In the recent case of Hagan v Coca-Cola Bottling Co., 26 F.L.W. S812 (Fla. Dec. 13, 2001), the Supreme Court was faced with the issue of whether physical injury was required in order to recover damages for emotional distress caused by the consumption of a contaminated beverage. In that case, the plaintiffs ingested soda from a coke bottle which they later found out contained a used condom. A jury returned a verdict in their favor and the District Court reversed, holding that the impact rule precluded the claim. In that case the Supreme Court reviewed enough ingestion cases to make the reader sick, including everything from a can of spinach containing worms to a rat in a coke bottle. The Court then concluded that the issue before it was controlled by Tanner v Hartog, supra, and Doyle v Pillsbury Co., 476 So.2d 1271 (Fla. 1985).

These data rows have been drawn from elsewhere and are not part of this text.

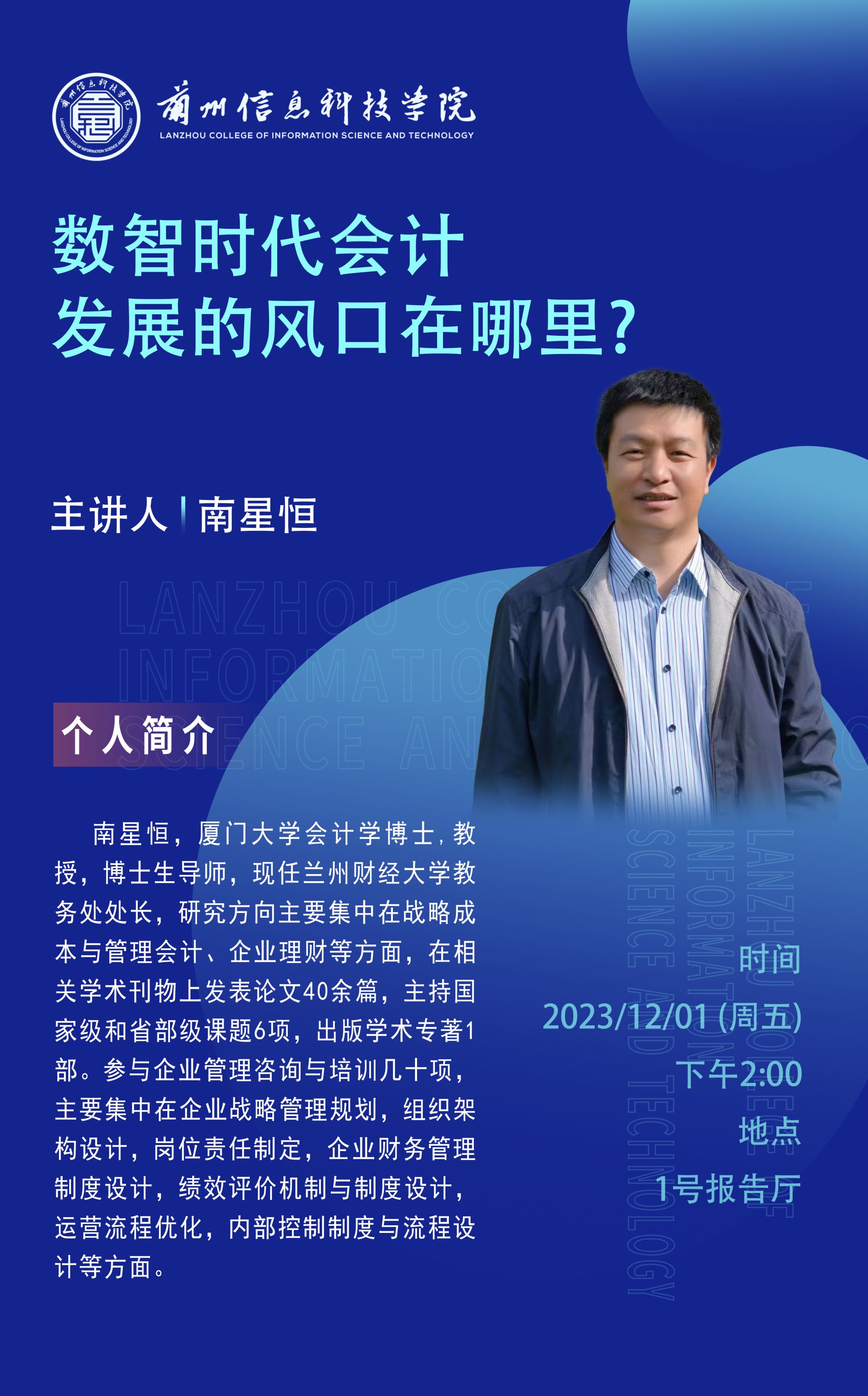 为进一步帮助beat365英国官方网站经济管理学院师生了解专业前沿,营造良好的学术氛围,12月1日,学校在1号报告厅举办《数智时代会计发展的风口在哪里》专题讲座,兰州财经大学教务处处长、博士生导师南星恒教授应邀担任主讲,财务管理专业全体师生聆听、学习了本场讲座。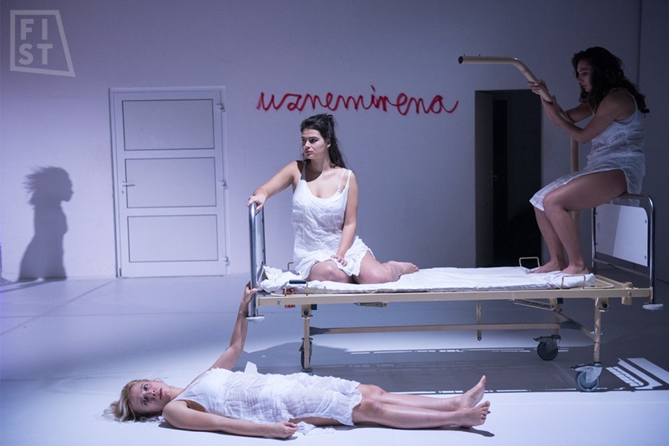 Jednostavna scenografija, goli zidovi i vrata, jedan bolnički krevet, skromna odeća i burne scene koje se nižu prikazujući šta sve trpe i kako preživljavaju dane te žene osuđene na prolaznost. One ostavljaju utisak kolektivne smelosti iz koje je izronila jedna nesvakidašnja predstava.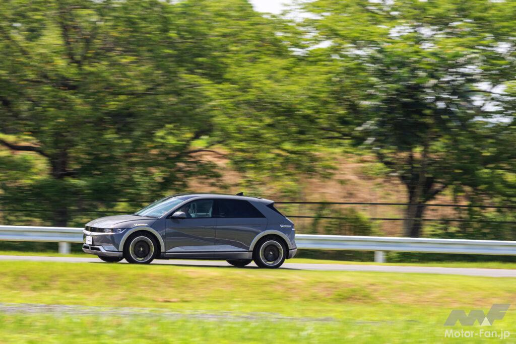 驚いたのは、ヒョンデ・IONIQ(アイオニック)5と『PILOT SPORT EV(パイロット スポーツ イーブイ)』の組み合わせだった。こちらも標準装着タイヤ(サイズは255/45ZR17)だが、その操作性が抜群だったのだ。
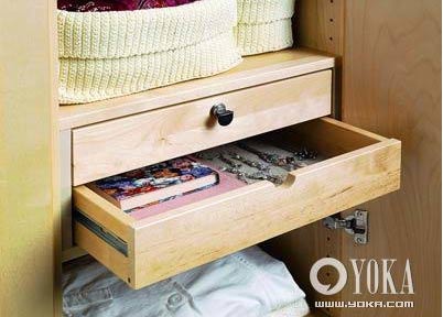 對(duì)柔軟臃腫的針織衣物,由于很占空間,應(yīng)該引起我們的注意。帶有很多抽屜的地柜,一方面可以收納這類衣物,同時(shí)也能用來(lái)陳設(shè)擺件或做凳子。

In Doyle, the plaintiff fell over a chair and suffered physical injuries when she jumped back in alarm after observing an insect floating in the top of a can of peas. The Court held that the producer or retailer of food is required to foresee that a person may become either physically or psychologically ill after consuming part of a food product that contains a foreign object. The Court then held that since the plaintiff in that case had not actually consumed any of the peas, liability would not ensue but inferentially held that if consumption had taken place, a physical injury might not be required.

In Tanner v Hartog, supra, the Court held that in a stillbirth case the impact rule does not apply because public policy dictates that an action by the parents for negligent stillbirth should be recognized in Florida notwithstanding the existence or lack of an impact. In Hogan, supra, the Court held:

As this Court recognized in Tanner, the impact

rule does not apply where emotional damages

are a ‘consequence of conduct that itself is a

freestanding tort apart from any emotional

injury.’ 696 So.2d at 708 (quoting Kush, 616

So.2d at 415). And, of course, Doyle

recognized a cause of action based on the

ingestion of a contaminated food since

ingestion itself constitutes an impact.

Consistent with our opinions and holdings

in Tanner and Doyle, we hold that a plaintiff

need not prove the existence of a physical

injury in order to recover damages for

emotional injuries caused by the consumption

of a contaminated food or beverage. As this

Court made clear in Doyle, those who market

foodstuffs should foresee and expect to

bear responsibility for the emotional and

physical harm caused by someone consuming

a food product that is contaminated by a

foreign substance.

This reasoned opinion joins a line of recent decisions intellectually questioning some of the tenets of Florida tort law.